The study, published in the American Accounting Association's journal, was produced by Petro Lisowsky of the University of Illinois, Kenneth J. Klassen of the University of Waterloo, and Devan Mescall of the University of Saskatchewan. It points out that, "under EU rules to go into effect later this year, and likely being monitored closely by regulators across the Atlantic, auditors of corporate financial statements will be prohibited from providing a whole variety of tax-related services to their clients, including the preparation of company tax returns."
However, based on data from firms in the S&P 1500, the research suggests that tax returns prepared by companies' external auditors claimed about 34 percent less in aggressive tax benefits than those that relied on outside accountants, and about 28 percent less than those prepared by the firms' own tax officers.
The co-authors believe that the cause of this difference is that "with the joint provision of audit and tax services, auditor preparers bear greater costs, relative to other preparer parties, if a position is overturned due to a tax audit and court action."
The study also explains that "there are at least two types of risk that are absent in other preparer types: financial reporting restatement risk due to an audit failure related to the tax accounts; and reputation risk, in that the auditor-preparer's work is more visible and sensitive to the firm's leadership. … The board of directors, as well as managers, may bear additional costs if negative tax outcomes result from joint provisioning relative to the case if the tax work was conducted separately from the audit."

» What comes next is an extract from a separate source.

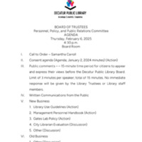 Personnel Policy and Public Relations - monthly meeting - February 2025 - agenda - minutes - reports
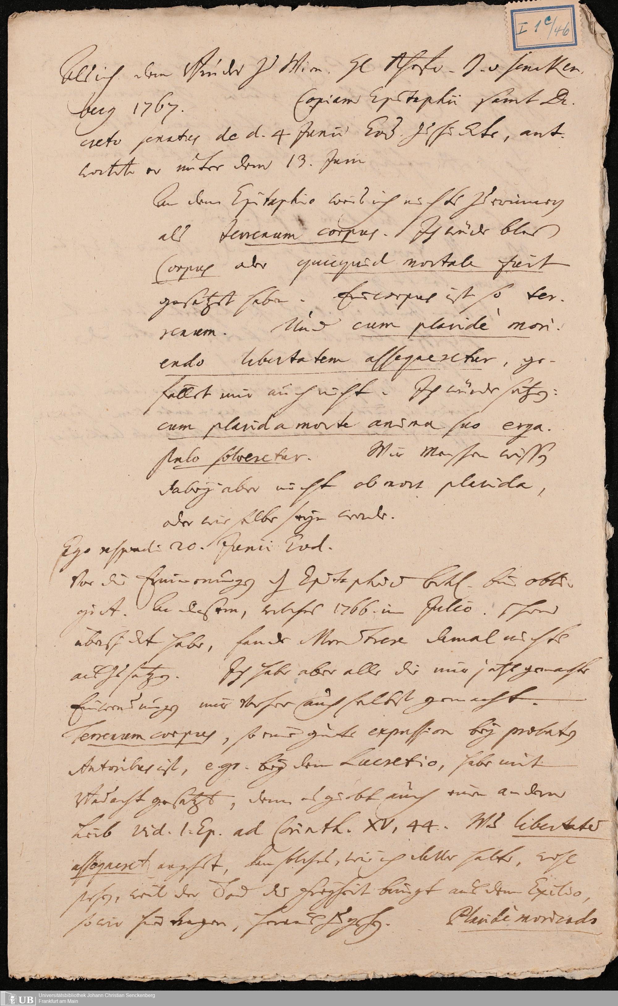 Na 31 Nachlass Johann Christian Senckenberg, 107 - Aufzeichnungen und Bestimmungen Senckenbergs zu seiner Grabstätte und deren Inschriften

Lisowsky commented that "regulators have consistently expressed concern over companies' purchasing both audit and tax services from the same accounting firm. By a wide margin most research on this issue has focused on whether this arrangement reduces audit independence and thereby compromises corporate financial reporting. But relatively little attention has been paid to the question of how this arrangement affects tax reporting."
He concluded that, "given regulators' perennial distrust of auditors providing tax services to their clients, our study will probably come as a surprise."